The Office of the Plenipotentiary of the Foreign Ministry With the Military Commander in Serbia to the Foreign Ministry
Pol. S No. 2
Subject : The situation in Serbia,
BELGRADE, December 3,1941.
Pol. IV 6459 g
It would be in the interest of the Reich to leave the carrying out of the necessary operations largely to the Serbs, in order to save her own forces. A prerequisite for this is that one trust them sufficiently. In this respect it can be said today after General Nedic has been Minister President for three months that so far he has justified the trust placed
in him. Called upon at the most difficult time, he has proved to be resolute and of firm character in carrying out the thankless task once he undertook it. Unperturbed by all the hostility, unshaken by the abuse that comes from London, this old soldier goes his difficult way.Today he is so much identified with Germany in the eyes of the Serbian
people that it is hardly possible for him any more to abandon this line. He has shed Serbian blood in fratricidal struggle, and with this his position is fixed once and for all.

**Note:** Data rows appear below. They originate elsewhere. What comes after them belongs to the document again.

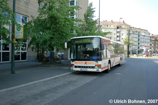 Er verbringt eine Pause am Düsseldorfer Hauptbahnhof.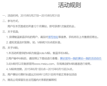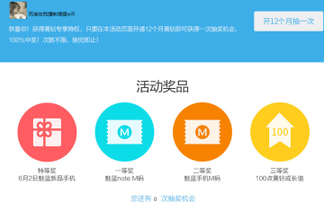 在活动页面开通12个月黄钻即可获得一次抽奖机会,奖品有魅蓝新品手机、魅蓝手机M码、100点黄钻成长值,100%中奖。小编估计中奖几率大部分都是成长值,如果你缺成长值的话,可以续费开通黄钻。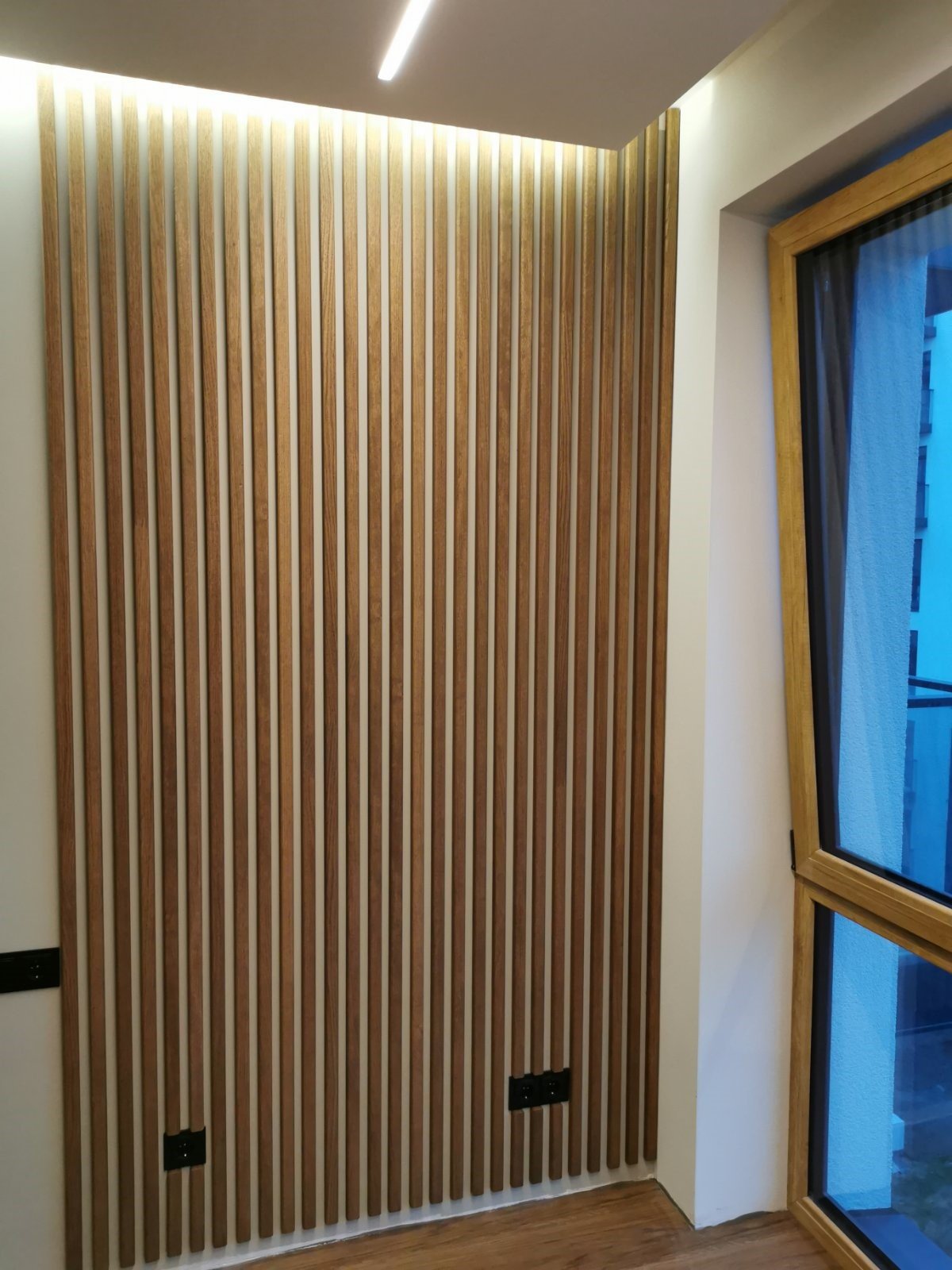 Populiari interjero apdailos tendencija - sienų dekoravimas mediniais tašeliais. Renkantis tokią sienų apdailą svarbu įvertinti kelis aspektus - lentelių plotį, storį ir aukštį, tarpus tarp jų ir pagrindo, prie kurio bus tvirtinama spalvą.

In his government there are men such as Minister of the Interior Acimovic, who is an experienced police expert and for many years has taken entirely the German
line; also Minister of Economics Olcan, a follower of Dr. Ljotic, who as minister has himself often fought successfully at the head of volunteer units against the communist bands; and Minister of Education Professor Jonic, who through the new university law has made an important contribution to the clean-up of academic life in Serbia which had been infected for a long time. Furthermore the Nedic Government can rely upon the support of the Chetnik leader Pecanac, who has led a large number of these volunteers to the cause of tranquillity and order. Also to be mentioned, and not in the last place either, is Dr. Ljotic, leader of the "Zbor" movement, who has not joined the government himself, to be sure, because he is evidently keeping himself in reserve for a later time, but who has made available a number of his followers for important ministerial posts and has placed his authority in the scales in favor of General Nedic. Dr. Ljotic, the old enemy of the communists, Freemasons and Jews in Serbia, represents a moral force which must not be underestimated. He is therefore particularly valuable to the Nedic Government, to which he has also made available numerous volunteers from his movement....................................

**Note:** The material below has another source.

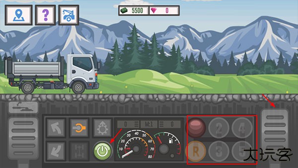 2、轻按启动按钮让发动机运转起来,选择合适的档位挂入。点踩油门踏板让卡车动起来!想成功运送货物?那就得全程留心车速保持稳定,尤其是爬坡时,档位可要跟着情况及时调整切换,这点非常重要。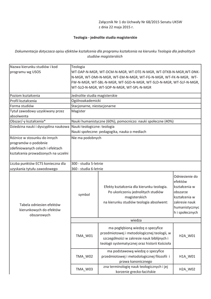 ZaųČcznikNr1doUchwaųyNr68/2015SenatuUKSW zdnia22maja2015r. TeologiaͲjednolitestudiamagisterskie DokumentacjadotyczacaopisuefektówksztaųceniadlaprogramuksztaųcenianakierunkuTeologiadlajednolitych studiówmagisterskich Nazwakierunkustudiówikod programuwgUSOS Teologia WTͲDAPͲNͲMGR,WTͲDCMͲNͲMGR,WTͲDTEͲNͲMGR,WTͲDTKBͲNͲMGR,WTͲDNKͲ NͲMGR,WTͲDMIͲNͲMGR,WTͲEMͲNͲMGR,WTͲFGͲNͲMGR,WTͲFKͲNͲMGR,WTͲ FWͲNͲMGR,WTͲSBLͲNͲMGR,WTͲSGDͲNͲMGR,WTͲSLDͲNͲMGR,WTͲSLFͲNͲMGR, WTͲSLOͲNͲMGR,WTͲSOPͲNͲMGR,WTͲSPLͲNͲMGR Poziomksztaųcenia Profilksztaųcenia Formastudiów Tytuųzawodowyuzyskiwanyprzez absolwenta Obszar/Ͳyksztaųcenia* Dziedzinanaukiidyscyplinanaukowa Jednolitestudiamagisterskie Ogólnoakademicki Stacjonarne,niestacjonarne Magister Naukihumanistyczne(60%),pomocniczo:naukispoųeczne(40%) Naukiteologiczne:teologia Naukispoųeczne:pedagogika,naukaomediach RóǏnicewstosunkudoinnych Niemapodobnych programówopodobnie zdefiniowanychcelachiefektach ksztaųceniaprowadzonychnauczelni LiczbapunktówECTSkoniecznadla uzyskaniatytuųuzawodowego 300Ͳstudia5Ͳletnie 360Ͳstudia6Ͳletnie symbol Tabelaodniesienefektów kierunkowychdoefektów obszarowych Efektyksztaųceniadlakierunkuteologia. Poukoŷczeniujednolitychstudiów magisterskich nakierunkustudiówteologiaabsolwent: Odniesieniedo efektów ksztaųceniaw obszarze ksztaųceniaw zakresienauk humanistycznyc hispoųecznych wiedza TMA_W01 TMA_W02 TMA_W03 mapogųħbionČwiedzħospecyfice przedmiotowejimetodologicznejteologii,w szczególnoƑciwzakresienaukbiblijnychi teologiisystematycznejorazhistoriiKoƑcioųa mapodstawowČwiedzħospecyfice przedmiotowejimetodologicznejfilozofiii prawakanonicznego znaterminologiħnaukteologicznychijej korzeniegreckoͲųaciŷskie H2A_W01 H1A_W01 H2A_W02 TMA_W04 mauporzČdkowanČ,pogųħbionČwiedzħ, obejmujČcČróǏnenurtyteologicznei metodologiħteologii,dajČcČmoǏliwoƑđ specjalizacjiwramachstudiówtrzeciego stopnia H2A_W03 TMA_W05 mauporzČdkowanČ,pogųħbionČ,prowadzČcČ dospecjalizacji,szczegóųowČwiedzħzzakresu teologiibiblijnej H2A_W04 TMA_W06 mauporzČdkowanČ,pogųħbionČ,prowadzČcČ dospecjalizacji,szczegóųowČwiedzħzzakresu teologiisystematycznej(fundamentalnej, dogmatycznejimoralnej) H2A_W04 TMA_W07 mauporzČdkowanČipogųħbionČ,prowadzČcČ dospecjalizacji,szczegóųowČwiedzħzzakresu teologiipraktycznej H2A_W04 TMA_W08 znagųównezasadydziaųalnoƑci ewangelizacyjnej,pastoralnej,katechetycznej icharytatywnejKoƑcioųakatolickiego,dialogu ekumenicznegoimiħdzyreligijnego H2A_W04 TMA_W09 mauporzČdkowanČipogųħbionČwiedzħz zakresufilozofiiiprawakanonicznego H1A_W04 S1A_W07 TMA_W10 znaprocesiuwarunkowaniarozwojureligijnoͲ duchowegoorazjegozagroǏenia H2A_W04 TMA_W11 mapogųħbionČznajomoƑđwspóųczesnego nauczaniaKoƑcioųakatolickiego;znatakǏe katolickČnaukħspoųecznČ H2A_W06 S2A_W04 TMA_W12 TMA_W13 TMA_W14 TMA_W15 mapogųħbionČwiedzħopowiČzaniach teologiizinnymidziedzinaminauki,a zwųaszczaznaukamihumanistycznymi, spoųecznymiiprawnymi,pozwalajČcČna integrowanieperspektywwųaƑciwychdlakilku dyscyplinnaukowych mapogųħbionČwiedzħowspóųczesnych dokonaniach,oƑrodkachiszkoųach badawczychwzakresieteologiiorazogólnČ wiedzħonichwzakresiefilozofii rozumiekulturotwórczČrolħKoƑcioųai teologii,zarównowaspekciehistorycznym, jakispoųecznym magruntownČznajomoƑđzasadinterpretacji tekstuteologicznego H2A_W05 H2A_W06 H2A_W07 S2A_W03 H2A_W07 TMA_W16 mapogųħbionČwiedzħokompleksowej naturzejħzykaorazohistorycznejzmiennoƑci jegoznaczeŷiichkonsekwencjachdlateologii orazelementarnČwiedzħdotyczČcČprocesów komunikowaniainterpersonalnegoi spoųecznego,ichprawidųowoƑciizakųóceŷ H2A_W09 S1A_W09 TMA_W17 maorientacjħwewspóųczesnymǏyciu kulturalnym,zeszczególnymuwzglħdnieniem kulturychrzeƑcijaŷskiej H2A_W10 TMA_W18 mapogųħbionČwiedzħoprocesachzmian zachodzČcychwkrħgukulturbħdČcychpod wpųywemchrzeƑcijaŷstwa,zwųaszczaw odniesieniudorolichrzeƑcijaŷstwaw ksztaųtowaniusiħkulturyEuropy S2A_W03 S2A_W04 S2A_W08 TMA_W19 marozszerzonČwiedzħoczųowiekuw zakresieaktywnoƑcireligijnejczųowiekaoraz znawybranekoncepcjeczųowiekaiƑwiata orazrozumieinterakcjepomiħdzywiarČa rozumem H2A_W04 S2A_W05 TMA_W20 znairozumiepodstawowepojħciaizasadyz zakresuprawaautorskiegoorazkoniecznoƑđ zarzČdzaniazasobamiwųasnoƑciintelektualnej H2A_W08 TMA_W21 maelementarnČwiedzħdotyczČcČprocesów komunikowaniainterpersonalnego spoųecznegoimiħdzykulturowego,ich prawidųowoƑciizakųóceŷ;onormachi regulacjachprawnychorazzasadachi branǏowychkodeksachetycznych,normach ogólnychorazzasadachiprzepisach dotyczČcychstrukturpaŷstwowych, spoųecznych,instytucjikulturalnychi medialnychirzČdzČcychnimi prawidųowoƑciachorazoichǍródųach, naturze,zmianachisposobachdziaųania S1A_W05 S1A_W09 S1A_W07 S1A_W10 TMA_W22 TMA_W23 mawiedzħdotyczČcČgeografii,historiii sytuacjipolitycznejZiemi_wiħtejoraz sČsiadujČcychzniČkrajówbiblijnych mawiedzħdotyczČcČfunkcjonowania chrzeƑcijaŷskichruchówpielgrzymkowych orazsposobuorganizowaniaruchu pielgrzymkowegoiturystycznegowPolscei naƑwiecie H2A_W04 S2A_W03 S2A_W04 S2A_W08 TMA_W24 TMA_W25 posiadawiedzħnatematreligii monoteistycznychorazichinstytucji religijnychikulturalnych:judaizmu, chrzeƑcijaŷstwaiislamu mauporzČdkowanČwiedzħnatematmetodi narzħdzistosowanychwcoachingu, mediacjachinegocjacjach umiejħtnoƑci H2A_W04 S2A_W05 H2A_W05 S2A_W07 TMA_U01 potrafisamodzielniewyszukiwađ,analizowađ, oceniađ,selekcjonowađiintegrowađ informacjezwykorzystaniemróǏnychǍródeų orazformuųowađnatejpodstawiekrytyczne sČdyzwykorzystaniemwiedzyteologicznej H2A_U01 TMA_U02 posiadaumiejħtnoƑcibadawczewzakresie teologii,obejmujČcezwųaszczaanalizħ tekstówfilozoficznych,biblijnychi teologicznych,syntezħróǏnychideii poglČdów,dobórmetodikonstruowanie narzħdzibadawczych,opracowaniei prezentacjħwyników,pozwalajČcena oryginalnerozwiČzywaniezųoǏonych problemów H2A_U02 TMA_U03 po

Although it is hardly possible today to predict how things will develop here in Serbia, one can nevertheless determine that a beginning has been made in the right direction.
The credit for this belongs to a large extent to Minister President Nedic, and one can therefore justify giving him the trust which he needs in order to continue his work successfully. It is self-evident that such trust must not be blind and that under the existing war conditions a German force capable of putting down at once any new major attempt at insurrection must remain in such a restless country as is Serbia.